Dazu tragen die untersuchten Infoblätter laut „Finanztest“ allerdings nicht bei. Vielmehr bestehe die Gefahr, dass die Indexfonds von unerfahrenen Anlegern aufgrund der schlechten Informationsblätter für zu kompliziert gehalten werden. Dabei seien die Fonds, die stur die Wertentwicklung von Aktien- oder Rentenindizes nachzeichnen, eigentlich eine einfach zu verstehende Anlageform und zugleich kostengünstig.

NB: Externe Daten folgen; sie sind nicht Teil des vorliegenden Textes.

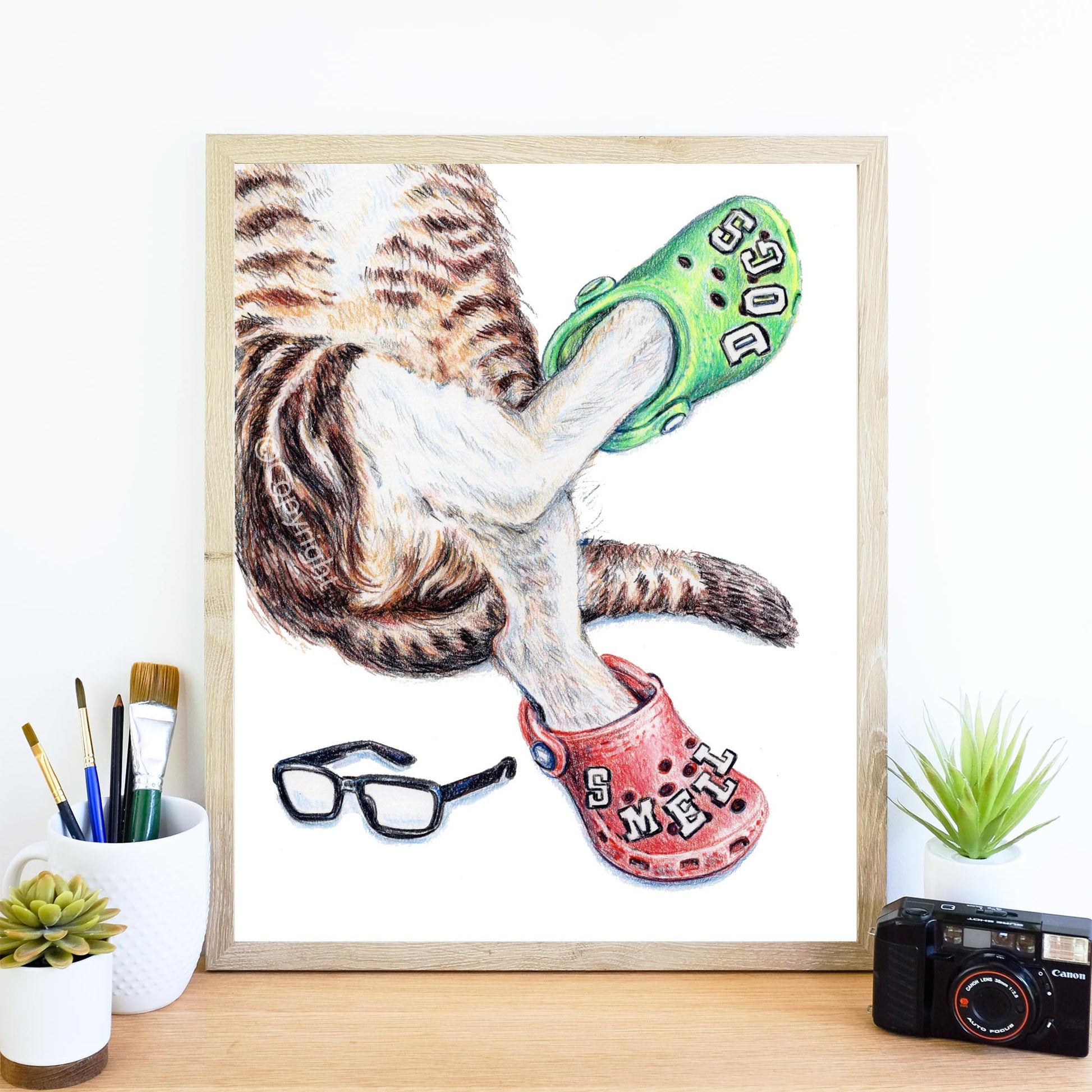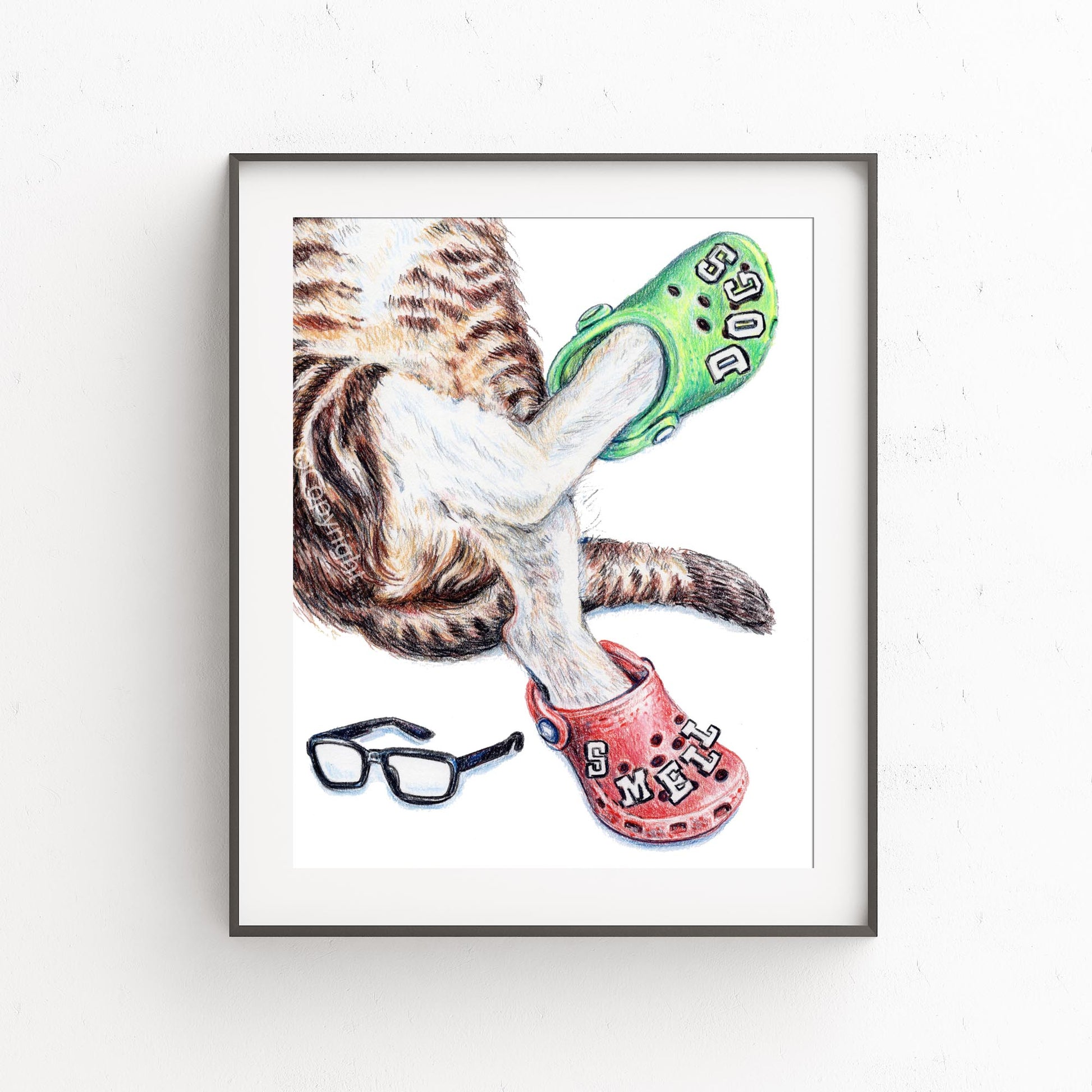 This is a print of my original drawing of a lounging tabby cat kitten wearing 2 different Croc shoes with giblets that spell out a secret message.
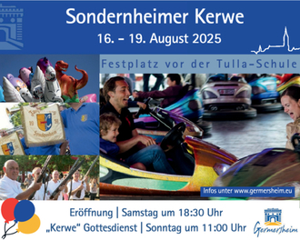Vom 16. bis 19. August 2025 verwandelt sich der Festplatz vor der Tulla-Schule erneut in einen lebendigen Treffpunkt für Geselligkeit, Musik und gute Laune. Die Sondernheimer Kirchweih, deren Ursprünge bis ins Jahr 1565 zurückreichen, ist ein fester Bestandteil unseres kulturellen Lebens und gelebter Ausdruck örtlicher Verbundenheit.
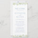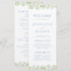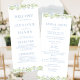 Delight in the rustic allure of watercolor wedding menu cards, adorned with exquisite light blue wildflower blooms and lush greenery leaves, enhanced by delicate calligraphy text. Elevate your wedding dining experience with this charming touch.

Im Test kam demnach keines der 18 Infoblätter über das Qualitätsurteil „befriedigend“ hinaus, vier wurden sogar nur mit „mangelhaft“ bewertet. Als Beispiel für unverständliche Kunstwörter nannten die Tester „Ogaw“, eine Wortschöpfung für „Organismus für gemeinsame Anlagen in Wertpapieren“ – gemeint sind damit laut „Finanztest“ schlicht Investmentfonds.

Um sich detaillierter über die Risiken zu informieren, empfehlen die Verbraucherexperten Kunden den Verkaufsprospekt für den Fonds, der auf der Internetseite des Anbieters verfügbar ist. Zwar halten sich die Anbieter bei der Beschreibung der Risikoklassen an die Vorgaben, weitere Details fehlten aber in den Infoblättern.